A Danish Company with an International Profile

MedArt A/S develops, manufactures and markets a wide selection of high quality medical laser equipment. The company was founded in 1979 and throughout the years all activities have been guided by a vision: “to create advanced medical lasers for the benefit of the daily work in the medical field.” The MedArt office is located in Copenhagen where R&D, Production and Sales & Marketing are based. Ever since the beginning, MedArt A/S has strived to develop innovative and cutting-edge technology with emphasis on compact, high performance equipment. This has been achieved by a creative and dedicated R&D team – and led to the production of several cost-effective and innovative solutions in the field of aesthetic surgery. MedArt A/S is today a member of the Energist Medical Group.

Present world wide

The wide range of products are distributed worldwide through the Energist Group network of subsidiary companies and local partners. MedArt A/S is also involved in OEM and Private Label projects utilizing our technology to enhance the product portfolio of a number of well-known manufacturers within the laser field.

Complete product range

It is the ambition of MedArt A/S to market a complete range of laser products for dermatological/surgical use. Today, our product range spands from 532nm over 810nm, 980nm and 1470nm to 10600nm wavelengths. This versatile range provide physisians with quality lasers for popular laser treatments such as Hair Removal, Skin Resurfacing, Vascular/Pigmented Lesions, Endovenous procedures as well as laserlipolysis.

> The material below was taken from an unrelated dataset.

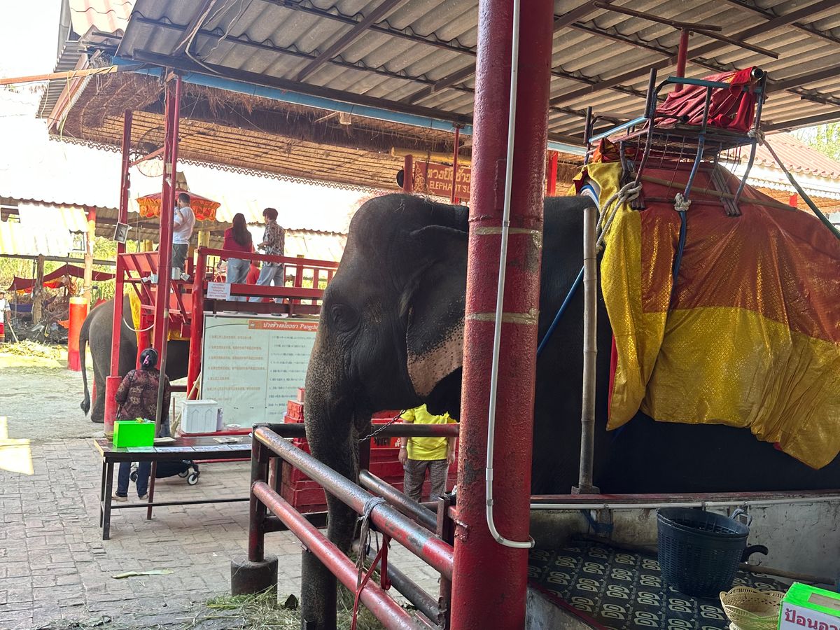 アユタヤの象さんはお化粧をされていて、背中の席には歴史を感じさせるパラソルも付いていて、そんな象さんに乗って遺跡の街を歩いてもらうのはとても良さそうでした。

The MedArt® range of high-power laser systems combined with the MedArt® range of scanners provide a unique tool for energy control combined with aggressive contact cooling.

High production standards

Being a manufacturer of advanced surgical equipment, all products are naturally manufactured in strict accordance with international standards; all products are CE marked and in compliance with the regulatory requirements of the EEC Medical Device Directive.